Records drawn from a dataset

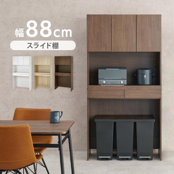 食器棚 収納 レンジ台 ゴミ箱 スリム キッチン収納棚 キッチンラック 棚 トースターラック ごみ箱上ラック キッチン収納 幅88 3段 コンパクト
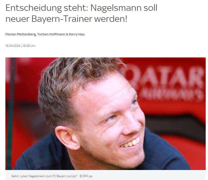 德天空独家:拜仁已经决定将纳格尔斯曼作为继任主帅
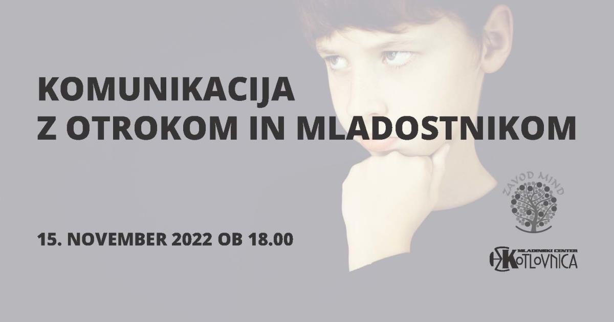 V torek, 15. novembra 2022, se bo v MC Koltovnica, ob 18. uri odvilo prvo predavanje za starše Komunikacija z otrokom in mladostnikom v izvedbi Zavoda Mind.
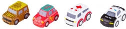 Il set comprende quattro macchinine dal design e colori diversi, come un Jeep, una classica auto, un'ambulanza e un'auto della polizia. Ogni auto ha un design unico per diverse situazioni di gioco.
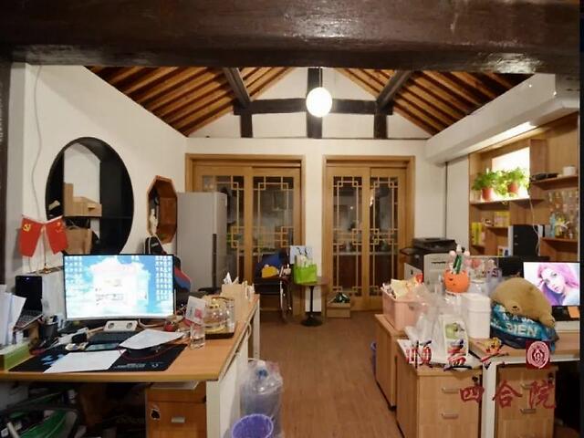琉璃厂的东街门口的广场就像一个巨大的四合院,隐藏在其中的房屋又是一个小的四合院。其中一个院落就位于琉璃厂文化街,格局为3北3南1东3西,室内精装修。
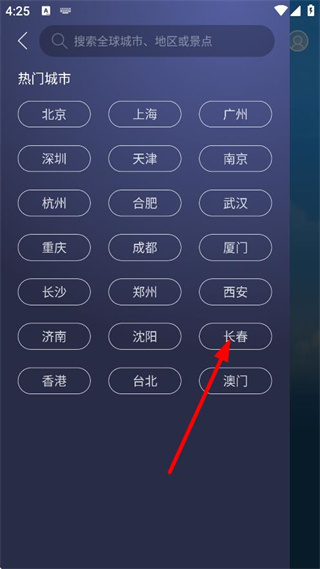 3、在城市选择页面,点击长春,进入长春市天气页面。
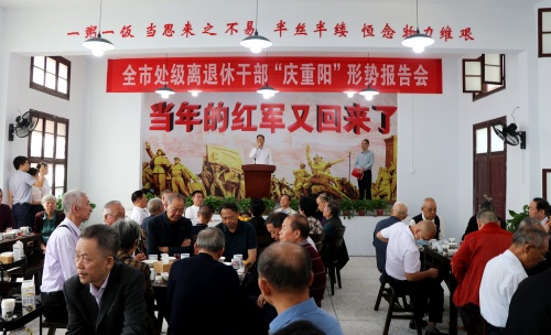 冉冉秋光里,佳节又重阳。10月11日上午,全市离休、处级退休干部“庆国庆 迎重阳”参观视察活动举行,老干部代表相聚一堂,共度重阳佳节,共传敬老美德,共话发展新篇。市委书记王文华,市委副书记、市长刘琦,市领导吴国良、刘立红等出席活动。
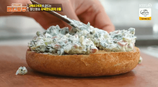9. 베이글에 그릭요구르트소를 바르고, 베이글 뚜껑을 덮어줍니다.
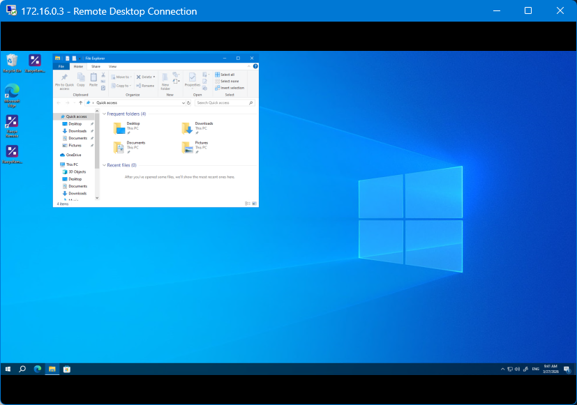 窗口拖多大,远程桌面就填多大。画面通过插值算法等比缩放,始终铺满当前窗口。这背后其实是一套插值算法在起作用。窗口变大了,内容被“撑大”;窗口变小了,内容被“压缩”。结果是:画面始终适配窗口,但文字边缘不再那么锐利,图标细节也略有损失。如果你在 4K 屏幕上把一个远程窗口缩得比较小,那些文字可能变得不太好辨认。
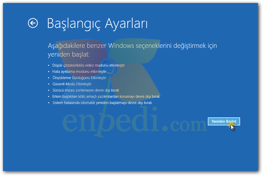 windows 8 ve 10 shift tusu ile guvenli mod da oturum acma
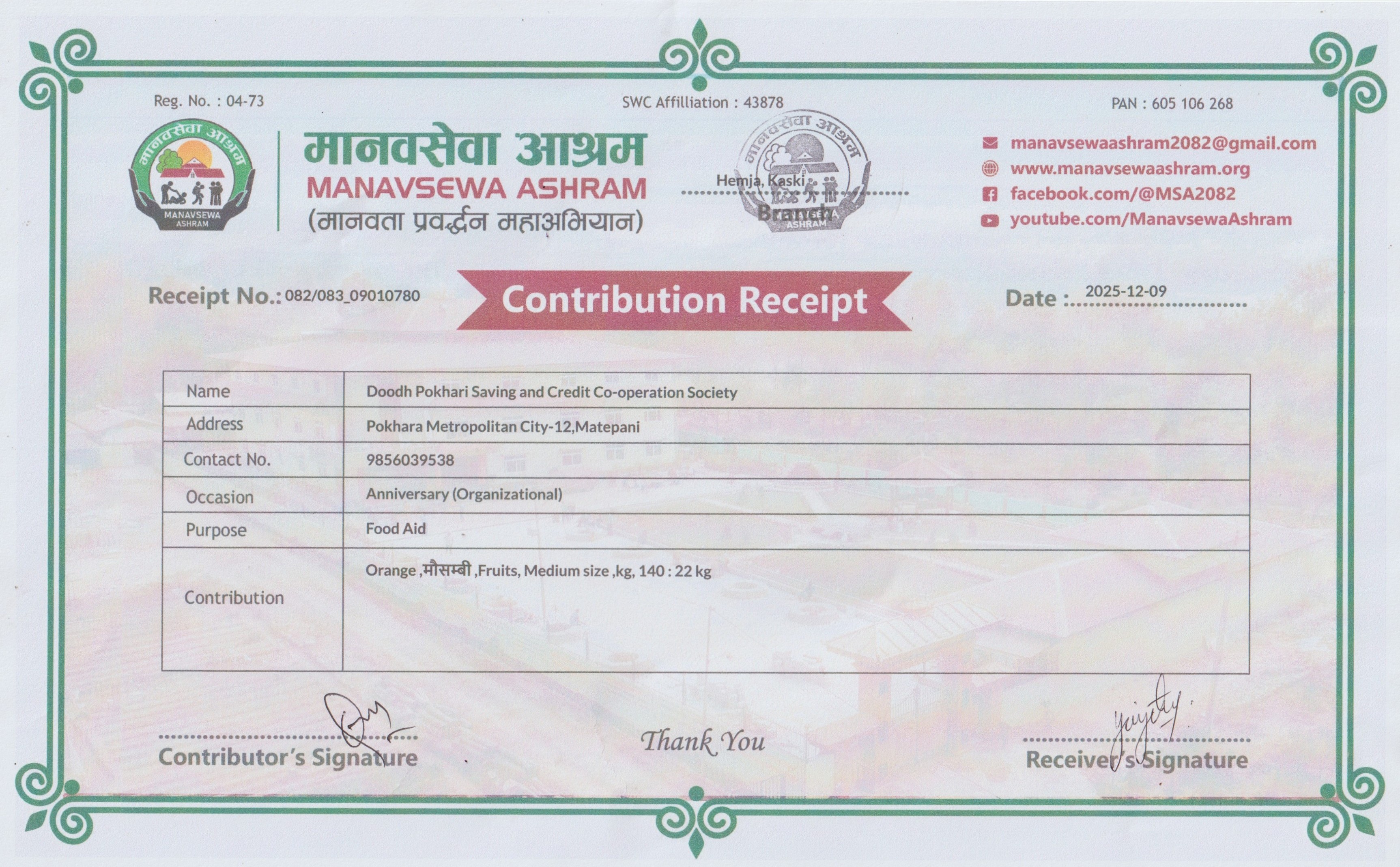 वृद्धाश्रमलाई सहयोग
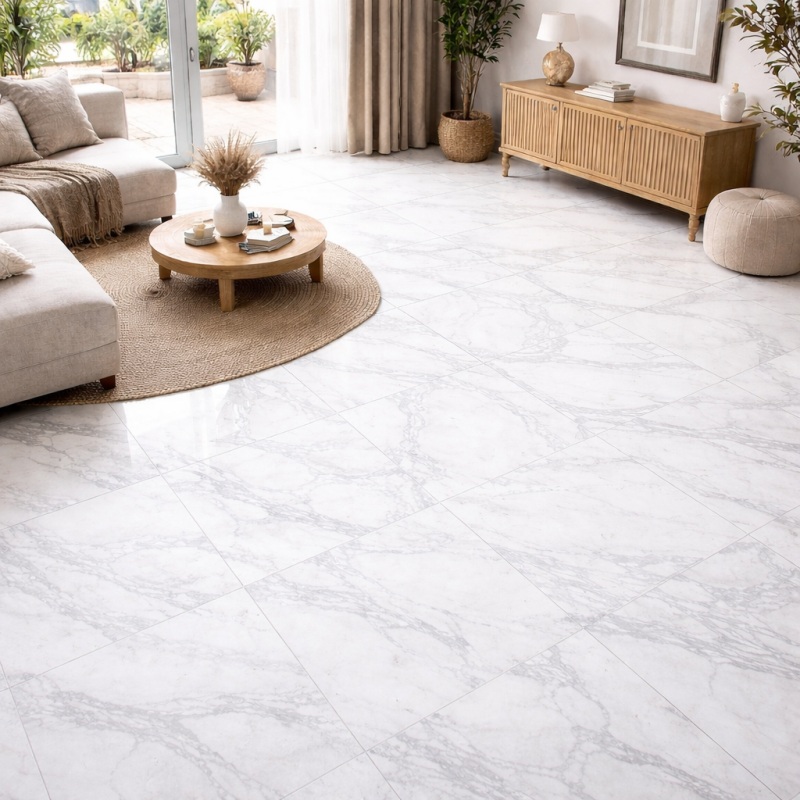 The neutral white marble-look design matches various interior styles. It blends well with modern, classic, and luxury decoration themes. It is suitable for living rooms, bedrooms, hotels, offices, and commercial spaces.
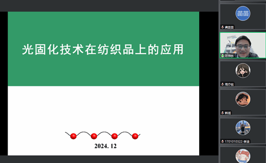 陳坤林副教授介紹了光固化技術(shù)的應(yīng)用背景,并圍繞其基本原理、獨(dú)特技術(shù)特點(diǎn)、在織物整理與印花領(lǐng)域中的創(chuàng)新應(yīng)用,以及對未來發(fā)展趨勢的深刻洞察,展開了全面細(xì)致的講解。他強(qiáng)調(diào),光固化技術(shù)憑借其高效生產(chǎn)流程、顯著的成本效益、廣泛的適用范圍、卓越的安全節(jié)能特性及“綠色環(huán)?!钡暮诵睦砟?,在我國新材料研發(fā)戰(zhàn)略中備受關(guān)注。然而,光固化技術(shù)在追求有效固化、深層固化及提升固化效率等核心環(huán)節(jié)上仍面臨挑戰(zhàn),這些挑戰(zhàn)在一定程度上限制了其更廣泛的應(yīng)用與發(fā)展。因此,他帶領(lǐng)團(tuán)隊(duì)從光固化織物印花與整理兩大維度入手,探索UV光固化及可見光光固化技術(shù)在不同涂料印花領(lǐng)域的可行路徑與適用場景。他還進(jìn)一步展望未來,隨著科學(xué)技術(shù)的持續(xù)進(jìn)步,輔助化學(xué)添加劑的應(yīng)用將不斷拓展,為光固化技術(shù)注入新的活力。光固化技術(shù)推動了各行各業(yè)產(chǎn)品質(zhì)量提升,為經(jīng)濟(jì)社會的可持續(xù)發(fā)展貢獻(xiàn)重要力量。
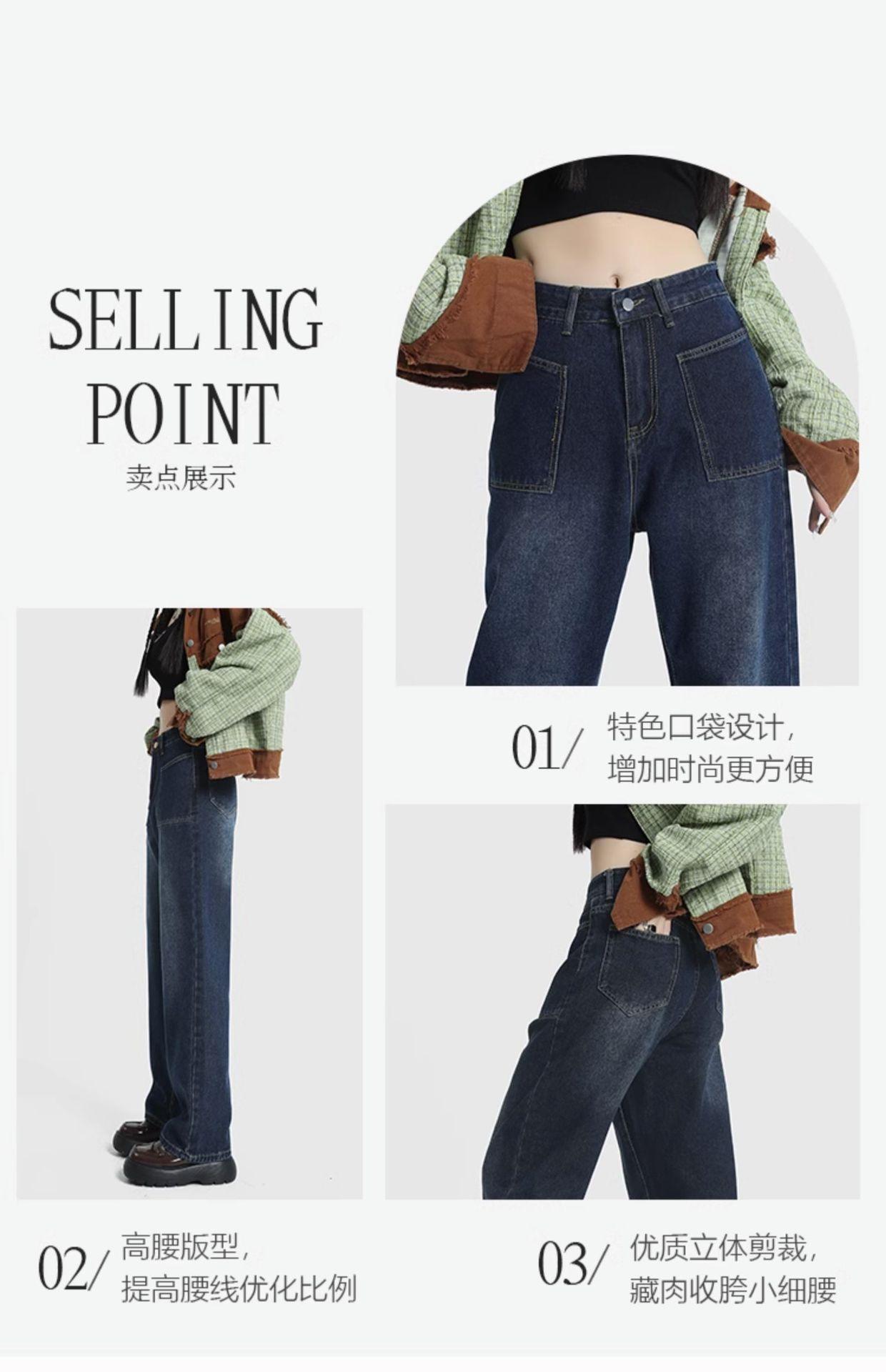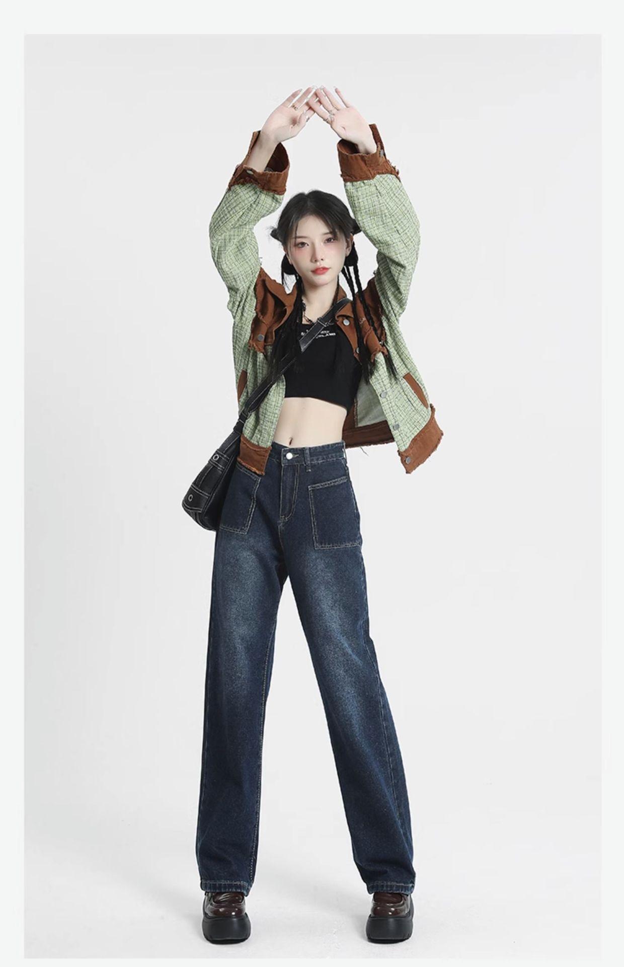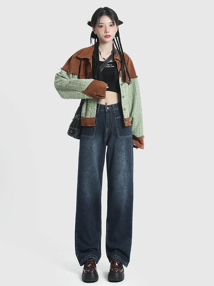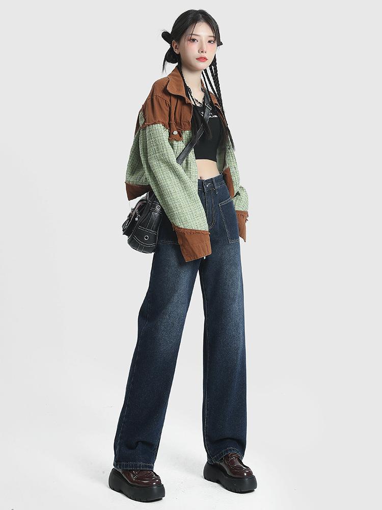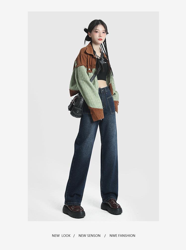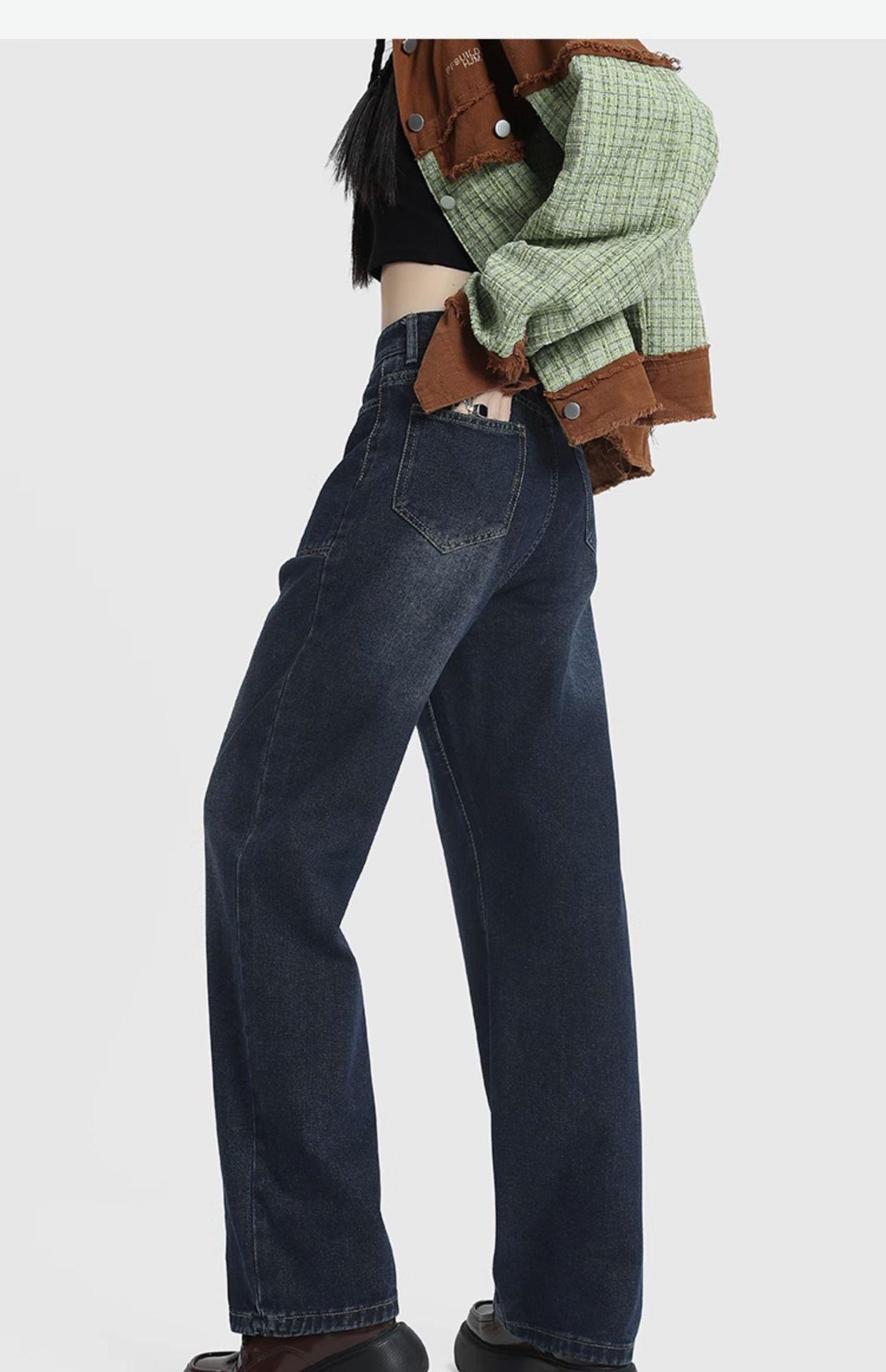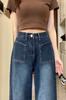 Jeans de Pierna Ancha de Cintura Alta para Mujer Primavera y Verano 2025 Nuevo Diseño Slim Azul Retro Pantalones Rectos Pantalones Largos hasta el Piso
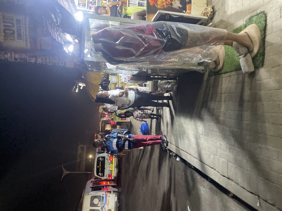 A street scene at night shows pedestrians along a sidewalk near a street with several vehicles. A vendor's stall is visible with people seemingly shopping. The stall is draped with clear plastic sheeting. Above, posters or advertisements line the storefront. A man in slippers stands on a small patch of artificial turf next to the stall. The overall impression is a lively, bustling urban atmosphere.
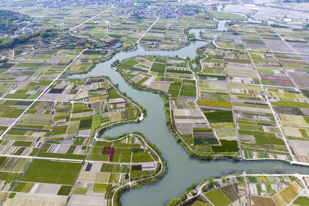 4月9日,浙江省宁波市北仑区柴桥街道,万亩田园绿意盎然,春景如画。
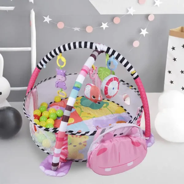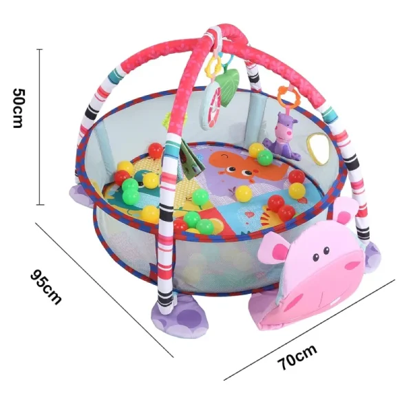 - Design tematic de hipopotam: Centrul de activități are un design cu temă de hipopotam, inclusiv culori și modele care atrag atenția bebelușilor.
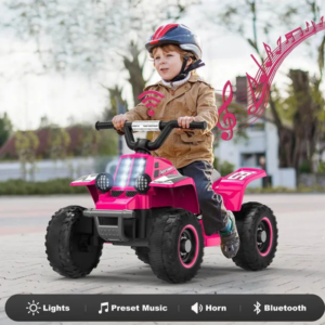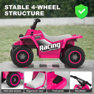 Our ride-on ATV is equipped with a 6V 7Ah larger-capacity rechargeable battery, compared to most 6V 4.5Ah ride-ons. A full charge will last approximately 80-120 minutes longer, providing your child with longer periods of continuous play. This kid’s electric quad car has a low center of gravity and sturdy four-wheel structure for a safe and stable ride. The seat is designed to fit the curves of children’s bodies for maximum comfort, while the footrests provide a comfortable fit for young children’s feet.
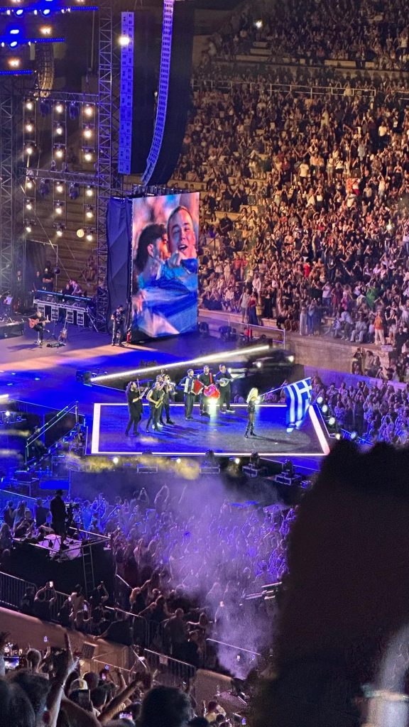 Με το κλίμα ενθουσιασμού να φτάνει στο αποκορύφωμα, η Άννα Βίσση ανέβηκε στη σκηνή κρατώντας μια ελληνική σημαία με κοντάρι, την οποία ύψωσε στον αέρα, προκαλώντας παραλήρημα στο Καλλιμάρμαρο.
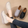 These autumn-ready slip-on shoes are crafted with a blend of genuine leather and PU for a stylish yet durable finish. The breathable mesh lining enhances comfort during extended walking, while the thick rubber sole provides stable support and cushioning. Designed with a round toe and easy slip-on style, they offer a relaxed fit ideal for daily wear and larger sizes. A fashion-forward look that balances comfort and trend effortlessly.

- [What this task involves]:
Leave the pictures aside and output each entry exactly as it stands.

- [Answer]:
 食器棚 収納 レンジ台 ゴミ箱 スリム キッチン収納棚 キッチンラック 棚 トースターラック ごみ箱上ラック キッチン収納 幅88 3段 コンパクト
 德天空独家:拜仁已经决定将纳格尔斯曼作为继任主帅
 V torek, 15. novembra 2022, se bo v MC Koltovnica, ob 18. uri odvilo prvo predavanje za starše Komunikacija z otrokom in mladostnikom v izvedbi Zavoda Mind.
 Il set comprende quattro macchinine dal design e colori diversi, come un Jeep, una classica auto, un'ambulanza e un'auto della polizia. Ogni auto ha un design unico per diverse situazioni di gioco.
琉璃厂的东街门口的广场就像一个巨大的四合院,隐藏在其中的房屋又是一个小的四合院。其中一个院落就位于琉璃厂文化街,格局为3北3南1东3西,室内精装修。
 3、在城市选择页面,点击长春,进入长春市天气页面。
 冉冉秋光里,佳节又重阳。10月11日上午,全市离休、处级退休干部“庆国庆 迎重阳”参观视察活动举行,老干部代表相聚一堂,共度重阳佳节,共传敬老美德,共话发展新篇。市委书记王文华,市委副书记、市长刘琦,市领导吴国良、刘立红等出席活动。
9. 베이글에 그릭요구르트소를 바르고, 베이글 뚜껑을 덮어줍니다.
 窗口拖多大,远程桌面就填多大。画面通过插值算法等比缩放,始终铺满当前窗口。这背后其实是一套插值算法在起作用。窗口变大了,内容被“撑大”;窗口变小了,内容被“压缩”。结果是:画面始终适配窗口,但文字边缘不再那么锐利,图标细节也略有损失。如果你在 4K 屏幕上把一个远程窗口缩得比较小,那些文字可能变得不太好辨认。
 windows 8 ve 10 shift tusu ile guvenli mod da oturum acma
 वृद्धाश्रमलाई सहयोग
 The neutral white marble-look design matches various interior styles. It blends well with modern, classic, and luxury decoration themes. It is suitable for living rooms, bedrooms, hotels, offices, and commercial spaces.
 陳坤林副教授介紹了光固化技術(shù)的應(yīng)用背景,并圍繞其基本原理、獨(dú)特技術(shù)特點(diǎn)、在織物整理與印花領(lǐng)域中的創(chuàng)新應(yīng)用,以及對未來發(fā)展趨勢的深刻洞察,展開了全面細(xì)致的講解。他強(qiáng)調(diào),光固化技術(shù)憑借其高效生產(chǎn)流程、顯著的成本效益、廣泛的適用范圍、卓越的安全節(jié)能特性及“綠色環(huán)?!钡暮诵睦砟?,在我國新材料研發(fā)戰(zhàn)略中備受關(guān)注。然而,光固化技術(shù)在追求有效固化、深層固化及提升固化效率等核心環(huán)節(jié)上仍面臨挑戰(zhàn),這些挑戰(zhàn)在一定程度上限制了其更廣泛的應(yīng)用與發(fā)展。因此,他帶領(lǐng)團(tuán)隊(duì)從光固化織物印花與整理兩大維度入手,探索UV光固化及可見光光固化技術(shù)在不同涂料印花領(lǐng)域的可行路徑與適用場景。他還進(jìn)一步展望未來,隨著科學(xué)技術(shù)的持續(xù)進(jìn)步,輔助化學(xué)添加劑的應(yīng)用將不斷拓展,為光固化技術(shù)注入新的活力。光固化技術(shù)推動了各行各業(yè)產(chǎn)品質(zhì)量提升,為經(jīng)濟(jì)社會的可持續(xù)發(fā)展貢獻(xiàn)重要力量。
 Jeans de Pierna Ancha de Cintura Alta para Mujer Primavera y Verano 2025 Nuevo Diseño Slim Azul Retro Pantalones Rectos Pantalones Largos hasta el Piso
 A street scene at night shows pedestrians along a sidewalk near a street with several vehicles. A vendor's stall is visible with people seemingly shopping. The stall is draped with clear plastic sheeting. Above, posters or advertisements line the storefront. A man in slippers stands on a small patch of artificial turf next to the stall. The overall impression is a lively, bustling urban atmosphere.
 4月9日,浙江省宁波市北仑区柴桥街道,万亩田园绿意盎然,春景如画。
 - Design tematic de hipopotam: Centrul de activități are un design cu temă de hipopotam, inclusiv culori și modele care atrag atenția bebelușilor.
 Our ride-on ATV is equipped with a 6V 7Ah larger-capacity rechargeable battery, compared to most 6V 4.5Ah ride-ons. A full charge will last approximately 80-120 minutes longer, providing your child with longer periods of continuous play. This kid’s electric quad car has a low center of gravity and sturdy four-wheel structure for a safe and stable ride. The seat is designed to fit the curves of children’s bodies for maximum comfort, while the footrests provide a comfortable fit for young children’s feet.
 Με το κλίμα ενθουσιασμού να φτάνει στο αποκορύφωμα, η Άννα Βίσση ανέβηκε στη σκηνή κρατώντας μια ελληνική σημαία με κοντάρι, την οποία ύψωσε στον αέρα, προκαλώντας παραλήρημα στο Καλλιμάρμαρο.
 These autumn-ready slip-on shoes are crafted with a blend of genuine leather and PU for a stylish yet durable finish. The breathable mesh lining enhances comfort during extended walking, while the thick rubber sole provides stable support and cushioning. Designed with a round toe and easy slip-on style, they offer a relaxed fit ideal for daily wear and larger sizes. A fashion-forward look that balances comfort and trend effortlessly.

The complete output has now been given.